_To do_
After locating the line containing "苏州迈为科技股份有限公司首次公开发行股票并在创业板上市发行公告" in the entries below, please write out that line and the rest through the end exactly. Omit pictures.
*** Given entries Section Begins ***
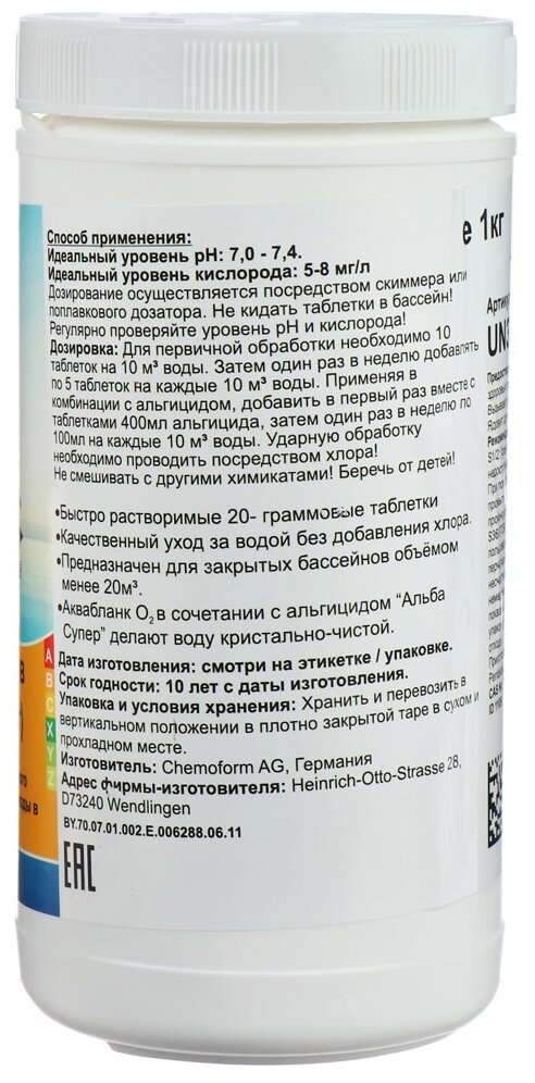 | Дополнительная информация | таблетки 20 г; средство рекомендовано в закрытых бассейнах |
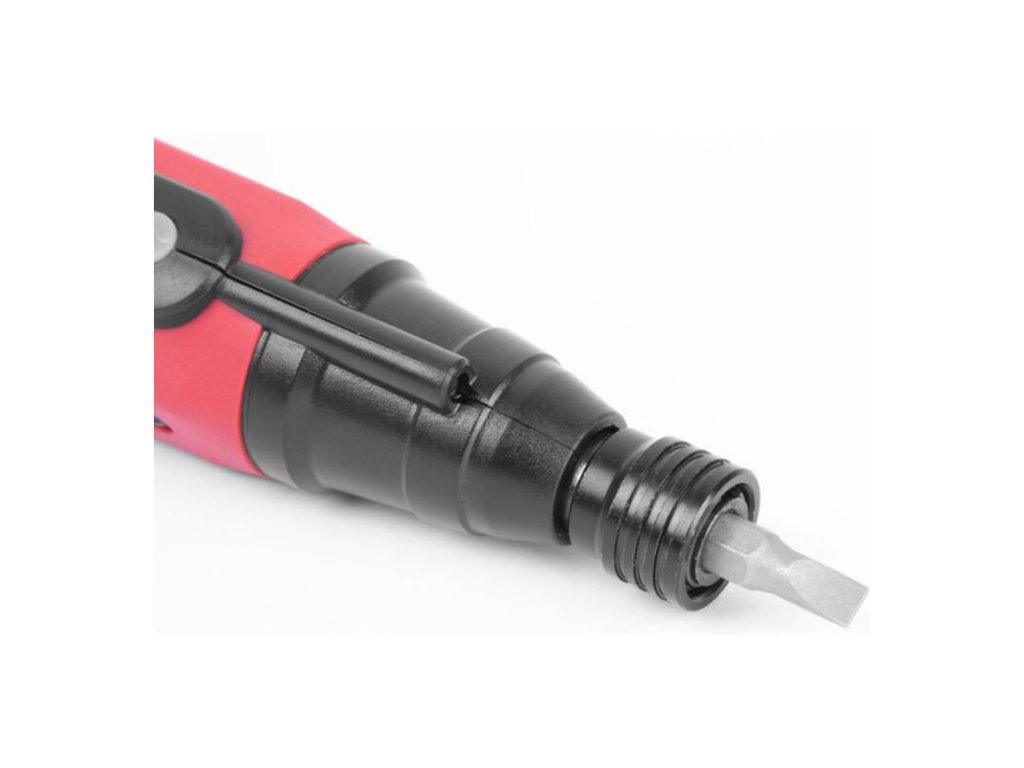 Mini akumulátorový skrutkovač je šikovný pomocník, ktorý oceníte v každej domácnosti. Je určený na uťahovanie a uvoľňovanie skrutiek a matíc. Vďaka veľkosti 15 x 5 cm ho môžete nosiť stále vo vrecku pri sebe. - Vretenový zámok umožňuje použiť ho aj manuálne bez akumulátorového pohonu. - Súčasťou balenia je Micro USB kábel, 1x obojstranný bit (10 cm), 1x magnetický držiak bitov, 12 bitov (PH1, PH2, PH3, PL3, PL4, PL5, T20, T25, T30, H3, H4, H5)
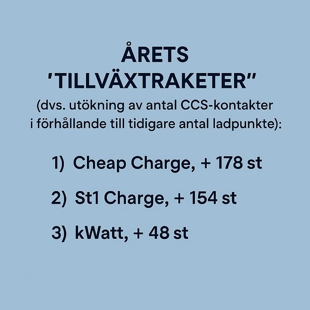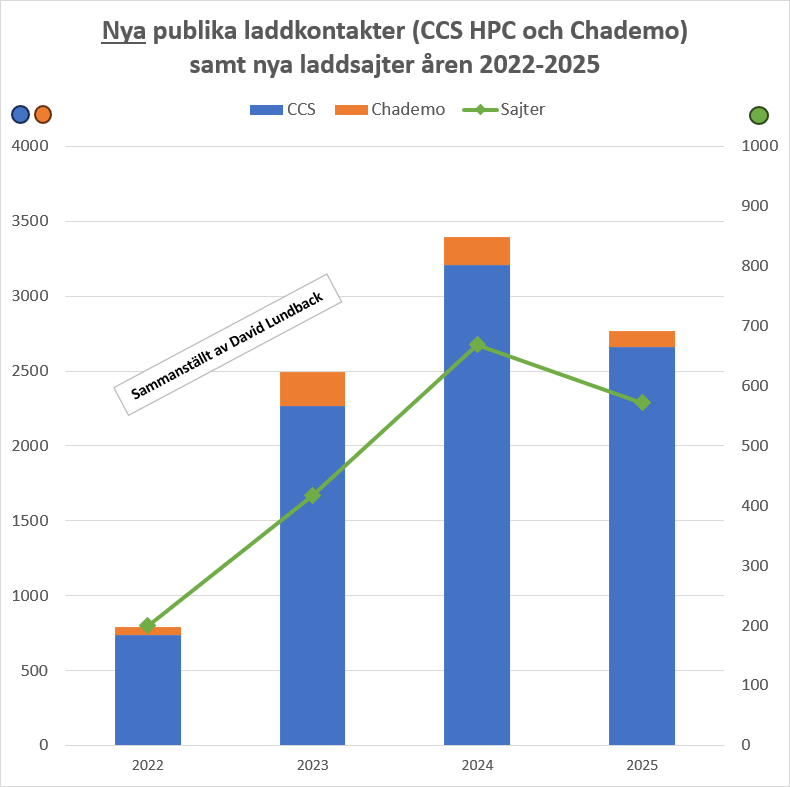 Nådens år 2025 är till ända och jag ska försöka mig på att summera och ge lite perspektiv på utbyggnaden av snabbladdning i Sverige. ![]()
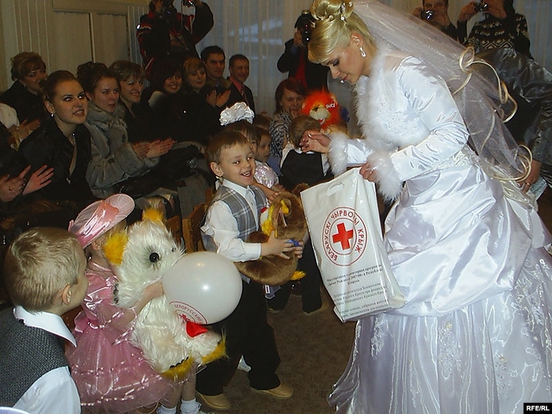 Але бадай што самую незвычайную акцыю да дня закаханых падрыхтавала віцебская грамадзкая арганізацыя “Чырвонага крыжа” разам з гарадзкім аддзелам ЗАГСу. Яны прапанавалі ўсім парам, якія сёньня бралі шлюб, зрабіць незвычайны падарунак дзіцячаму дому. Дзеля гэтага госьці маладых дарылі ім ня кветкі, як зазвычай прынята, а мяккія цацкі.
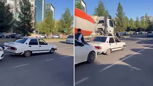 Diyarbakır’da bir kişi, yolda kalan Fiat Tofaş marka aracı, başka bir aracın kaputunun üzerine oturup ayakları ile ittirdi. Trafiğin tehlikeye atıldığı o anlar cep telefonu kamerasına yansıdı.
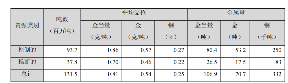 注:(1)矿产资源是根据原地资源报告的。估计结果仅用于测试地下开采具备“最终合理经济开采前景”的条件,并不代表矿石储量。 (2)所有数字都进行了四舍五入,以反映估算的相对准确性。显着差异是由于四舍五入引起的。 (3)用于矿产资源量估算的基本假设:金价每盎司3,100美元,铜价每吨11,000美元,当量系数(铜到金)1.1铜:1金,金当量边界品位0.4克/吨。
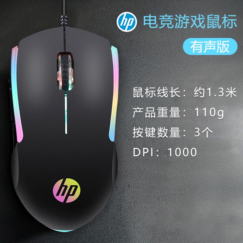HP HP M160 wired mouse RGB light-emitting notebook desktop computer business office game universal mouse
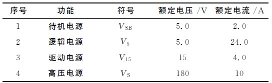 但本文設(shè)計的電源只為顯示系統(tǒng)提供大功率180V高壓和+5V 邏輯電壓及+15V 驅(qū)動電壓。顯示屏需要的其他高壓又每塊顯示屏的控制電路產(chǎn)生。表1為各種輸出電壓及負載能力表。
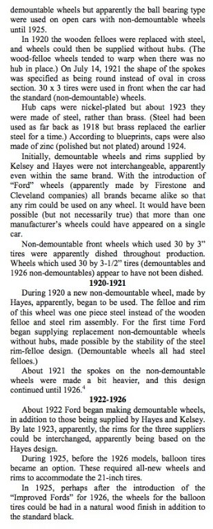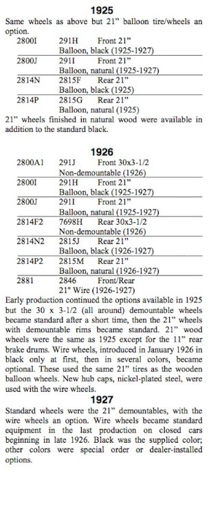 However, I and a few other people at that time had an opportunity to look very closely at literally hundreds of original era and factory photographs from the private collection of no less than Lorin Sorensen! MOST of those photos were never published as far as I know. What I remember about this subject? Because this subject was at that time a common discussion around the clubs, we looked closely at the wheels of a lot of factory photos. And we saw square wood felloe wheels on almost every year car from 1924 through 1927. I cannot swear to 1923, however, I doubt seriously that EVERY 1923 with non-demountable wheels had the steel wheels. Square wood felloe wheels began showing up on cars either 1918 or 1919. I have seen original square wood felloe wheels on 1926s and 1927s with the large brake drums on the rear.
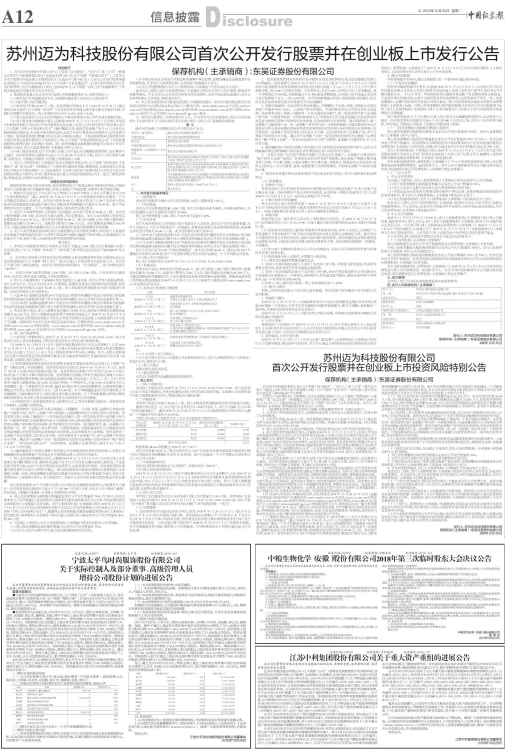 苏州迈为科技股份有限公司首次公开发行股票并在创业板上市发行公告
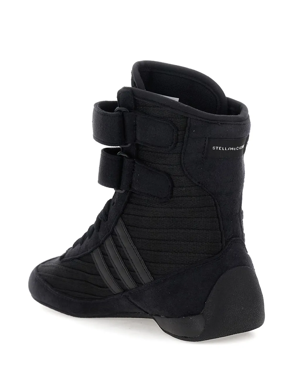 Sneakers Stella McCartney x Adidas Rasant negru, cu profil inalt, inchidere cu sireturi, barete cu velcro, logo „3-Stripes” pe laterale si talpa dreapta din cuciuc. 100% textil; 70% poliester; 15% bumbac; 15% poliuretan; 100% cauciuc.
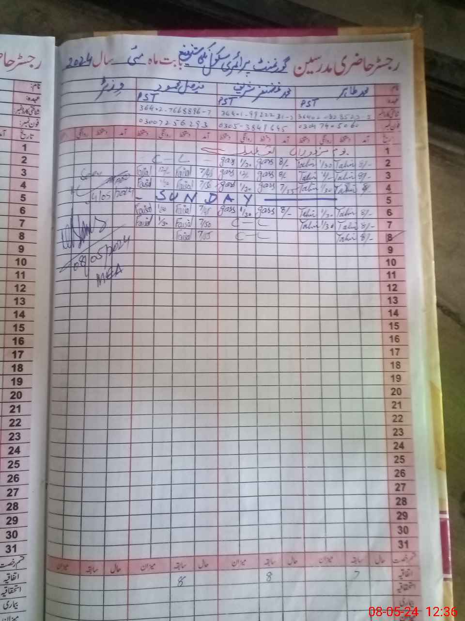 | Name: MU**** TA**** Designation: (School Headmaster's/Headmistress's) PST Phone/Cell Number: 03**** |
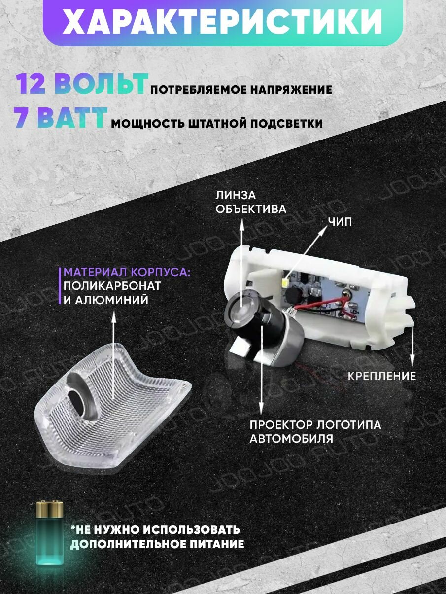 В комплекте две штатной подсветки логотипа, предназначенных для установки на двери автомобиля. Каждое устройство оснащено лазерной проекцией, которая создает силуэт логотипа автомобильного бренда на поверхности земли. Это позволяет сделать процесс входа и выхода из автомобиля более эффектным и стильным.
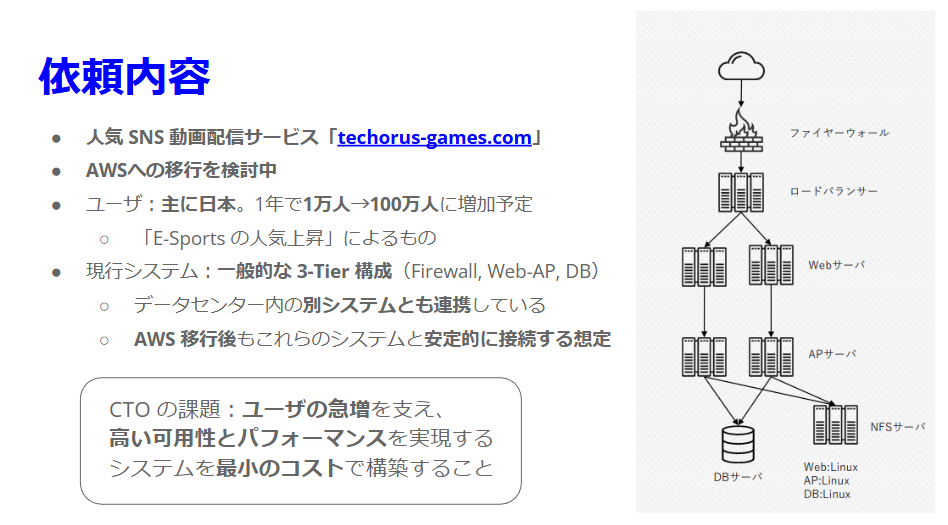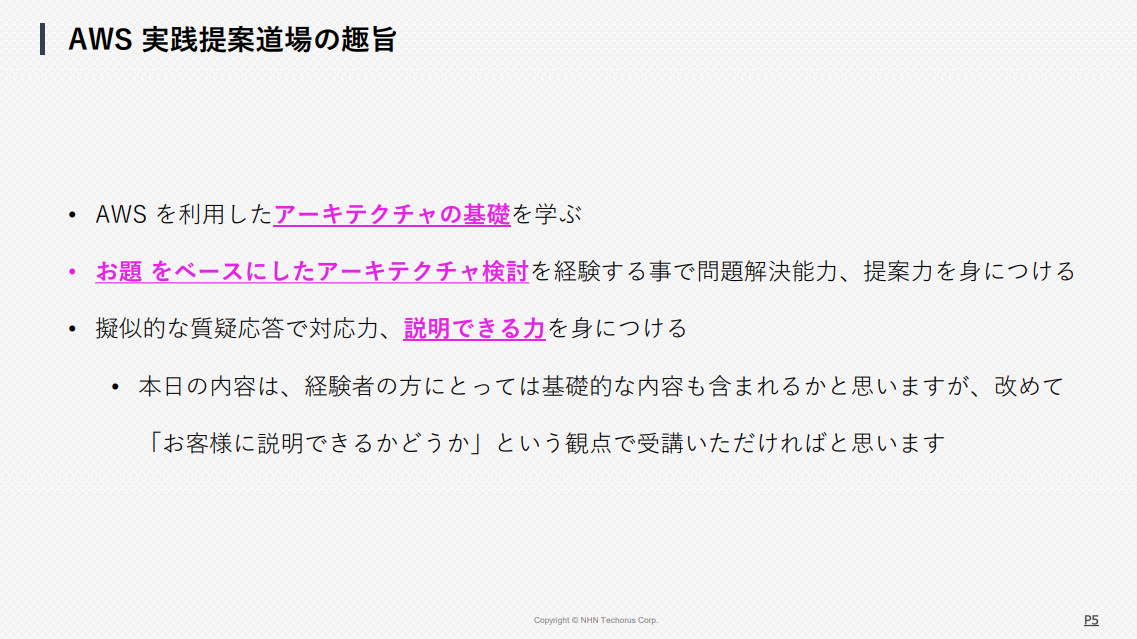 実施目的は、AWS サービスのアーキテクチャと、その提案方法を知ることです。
*** Given entries Section Ends ***
_Solution to this exercise_
 苏州迈为科技股份有限公司首次公开发行股票并在创业板上市发行公告
 Sneakers Stella McCartney x Adidas Rasant negru, cu profil inalt, inchidere cu sireturi, barete cu velcro, logo „3-Stripes” pe laterale si talpa dreapta din cuciuc. 100% textil; 70% poliester; 15% bumbac; 15% poliuretan; 100% cauciuc.
 | Name: MU**** TA**** Designation: (School Headmaster's/Headmistress's) PST Phone/Cell Number: 03**** |
 В комплекте две штатной подсветки логотипа, предназначенных для установки на двери автомобиля. Каждое устройство оснащено лазерной проекцией, которая создает силуэт логотипа автомобильного бренда на поверхности земли. Это позволяет сделать процесс входа и выхода из автомобиля более эффектным и стильным.
 実施目的は、AWS サービスのアーキテクチャと、その提案方法を知ることです。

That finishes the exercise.